Our final challenge to discuss is the effect of GCR on mammalian and human CNS cells. A great deal of excellent work has been accomplished in the last 12 years, illuminating the heretofore unrealized fragility resident in the mammalian brain. Klein et al. in 2021 and Krishnan et al. in 2021 described how even low dose neutron radiation through the generation of RONS damages the normal operation of the CNS and that chronic low dose exposure negatively effects the hippocampus and the prefrontal cortex, due to altered neurotransmission [14,15]. These studies illuminate the disruption of cellular processes at the DNA and molecular genetic levels [15,16,17]. The central flaw in the previous work of the space radiation community at large was the amount and manner of administration of radiation in acute protocols used in the attempts to mimic actual GCR. The career permissible exposure limit (PEL) found in the NASA Technical Standard 3001 accepts that astronauts will receive as much as 0.3 Gy during a yearlong tour on the International Space Station (ISS) and up to 1.5 Gy to the CNS during a lifetime career dose [30,31]; thus, some previous experimental studies employed from 0.1 to 5.0 Gray (Gy) irradiations. Recently, however, the next step in our understanding of the vulnerability of brain/CNS function has been accomplished by demonstrating that continuous and remarkably low doses of radiation, i.e., 0.18–0.30 Gy, results in an appreciable loss of cognitive function in the mammalian brains of rats and mice [32,33]. If these new detrimental threshold values are reflective of the same “damage” in humans, then an extraordinary problem exists as the prevailing expectation is that astronauts will receive a cumulative GCR radiation dose of at least 0.6 to 1.15 Gy during a 2.5 to 3.0 year mission to Mars [30,31]. These newly realized data are far below the PEL and previously conceptualized expectations.
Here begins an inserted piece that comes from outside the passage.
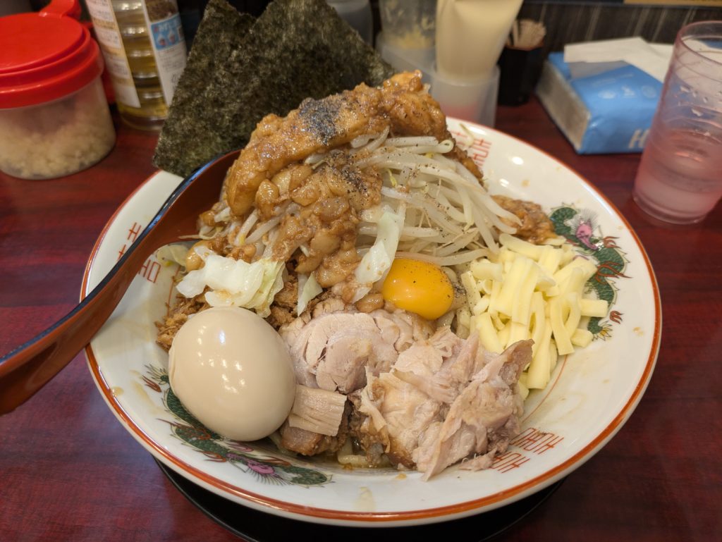 でかい。二郎系でそもそもやばいのに、更に味が濃くなるであろう油そば。しかもチーズにマシマシの背脂、野菜マシ、味卵とチャーシュー2枚付き。全卵もある。

In summary, the four toxic challenges/factors reviewed above—specifically increased high energy radiation (GCR), reduced gravity or microgravity, hypoxia and hyperoxia conditions—observed in each and every EVA and the inevitable inhalation of extremely small Moon or Mars dust and/or regolith PM linked to prolonged planetary exploration [4,5,6,7,8,18,19,20,21,22,23,24,25,26,27,28] constitute a potentially lethal stew in the context of extended exploration missions. Noteworthy research by a plethora of world-class scientists has been conducted in good faith over the last 35 years in an attempt to disentangle and mitigate these challenges, and yet the challenges remain largely unresolved. Clearly, the classically employed reductionist approach to dealing with these complexities has realized only marginal success over substantial years, not to the disparagement of the research participants. The inherent difficulties in modelling these complex conditions simultaneously are incontrovertible, yet our ineradicable position is effective countermeasures will only follow all-inclusive investigational strategies. Therefore, scientists worldwide should be encouraged to embrace a physiological universalism at the molecular and “omic” levels. This includes an envisioned approach to addressing chronic space RONS imbalance and the resultant OSaD as a realistic pivotal target for advancing space habitation.